Twee directeuren van een advocatenkantoor krijgen ruzie en besluiten uit elkaar te gaan. Een secretaresse met een arbeidsverleden van twintig jaar bij het kantoor sluit een vaststellingsovereenkomst om vijf maanden later ook haar dienstverband te beëindigen, maar wordt vlak voor haar laatste werkdag op staande voet ontslagen. Ten onrechte, oordeelt de kantonrechter in Assen in een uitspraak van 6 april jongstleden.
Beweerde aanleiding voor het ontslag op staande voet is een onderzoek van de ene directeur in de e-mailbox van de andere – inmiddels vertrokken – directeur. Daaruit zou blijken dat de secretaresse bij het boeken van privé-uitgaven van de vertrokken directeur op de kantoorrekening niet alleen handelde op instigatie van die directeur, maar daarbij eigen initiatief toonde. ‘Uit eigener beweging boekt u eerst maar op de paasaankleding, vervolgens op kantoorkosten, uiteindelijk is het geboekt over verschillende grootboekrekeningen. Dit is niet op instructie van [voormalig directeur verweerster] gebeurd. Dit heeft u zelf verzonnen. Deze gedraging(en) niet alleen in onderlinge samenhang en in onderling verband bezien, doch ook afzonderlijk van elkaar rechtvaardigen het ontslag op staande voet.’

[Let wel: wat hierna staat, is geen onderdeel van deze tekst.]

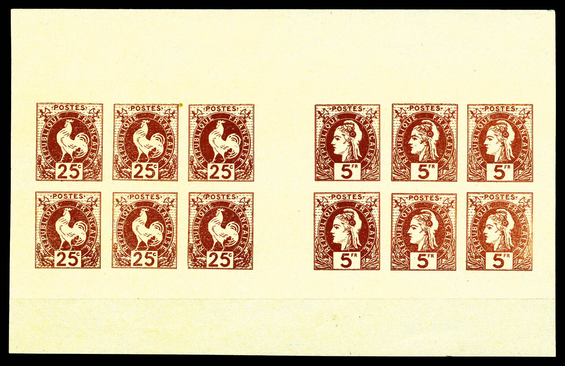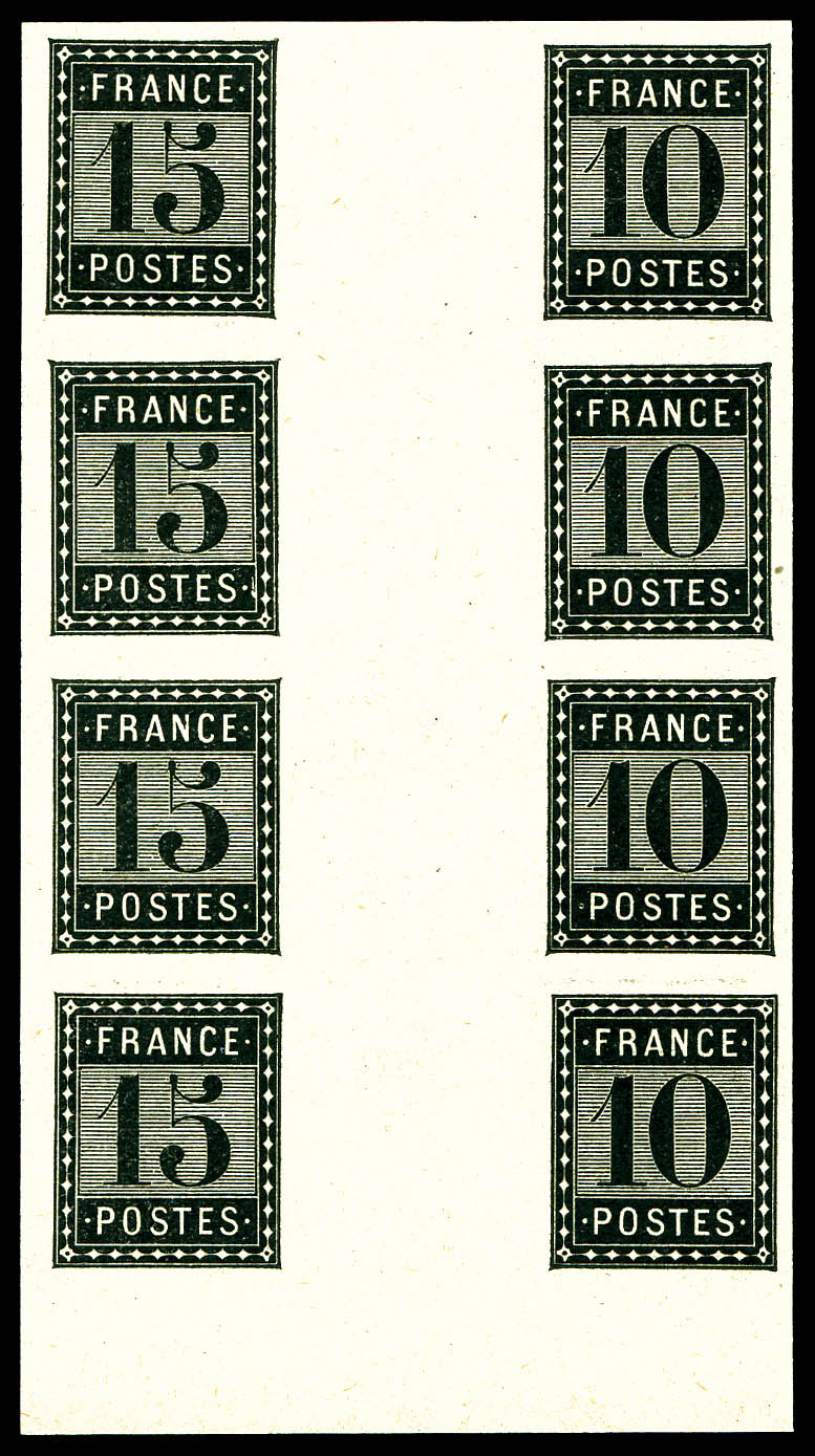 1049 ng imageEssais de l'imprimerie Nationale, 10c & 15c noir: 4 paire avec interpanneau, bas de feuille, TTB (certificat) Qualité: (*) Cote: 4800 euros (Image)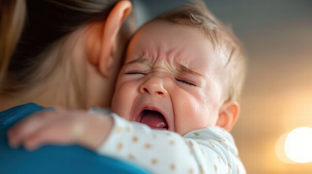 Young girl feeling sad and crying while her mother comforts her in the living room at home during a difficult moment
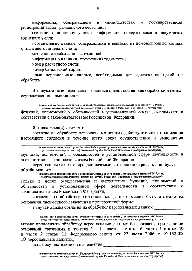 "ОБ УТВЕРЖДЕНИИ ТИПОВОЙ ФОРМЫ СОГЛАСИЯ НА ОБРАБОТКУ ПЕРСОНАЛЬНЫХ ДАННЫХ ДОЛЖНОСТНЫХ ЛИЦ И РАБОТНИКОВ ТАМОЖЕННЫХ ОРГАНОВ РОССИЙСКОЙ ФЕДЕРАЦИИ, ОРГАНИЗАЦИЙ, НАХОДЯЩИХСЯ В ВЕДЕНИИ ФТС РОССИИ, ПРЕДСТАВИТЕЛЬСТВ (ПРЕДСТАВИТЕЛЕЙ) ТАМОЖЕННОЙ СЛУЖБЫ РОССИЙСКОЙ ФЕДЕРАЦИИ В ИНОСТРАННЫХ ГОСУДАРСТВАХ, ИНЫХ СУБЪЕКТОВ ПЕРСОНАЛЬНЫХ ДАННЫХ И ТИПОВОЙ ФОРМЫ РАЗЪЯСНЕНИЯ СУБЪЕКТУ ПЕРСОНАЛЬНЫХ ДАННЫХ ЮРИДИЧЕСКИХ ПОСЛЕДСТВИЙ ОТКАЗА ПРЕДОСТАВИТЬ СВОИ ПЕРСОНАЛЬНЫЕ ДАННЫЕ"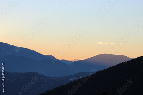 mountain, countryside, sunset, heaven, nature, sunrise, fog, sun, cloud, mist, morning, forest, hill, view, tree, light, travel, vale, blue, evening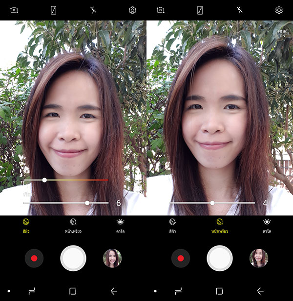 แต่ถ้าหากเป็นโหมดถ่ายภาพเซลฟี่ปกติ จะสามารถปรับใบหน้าได้ 3 แบบ ได้แก่ สีผิว, หน้าเพรียว และตาโต สูงสุดที่ 8 ระดับ

Volgens de secretaresse is het boeken van privé-uitgaven op de kantoorrekening usance, en zij wordt daarin gesteund door de accountant. Die stelt in een brief: ‘De constatering was dat beide partijen privé-uitgaven via de bankrekening van verweerster lieten lopen, zij het dat de onttrekkingen van [voormalig directeur verweerster] een veelvoud was van de uitgaven van [directeur verweerster].’ Er was volgens de accountant echter bij de secretaresse geen sprake van kwade opzet om een nog zittende directeur te benadelen: ‘Dit onrecht is je echter aangedaan door [voormalig directeur verweerster], voor mij is nog niet overtuigend vast komen te staan dat verzoekster bewust hierin heeft bijgedragen om jou onrecht aan te doen of dat zij gewoon is gebruikt.’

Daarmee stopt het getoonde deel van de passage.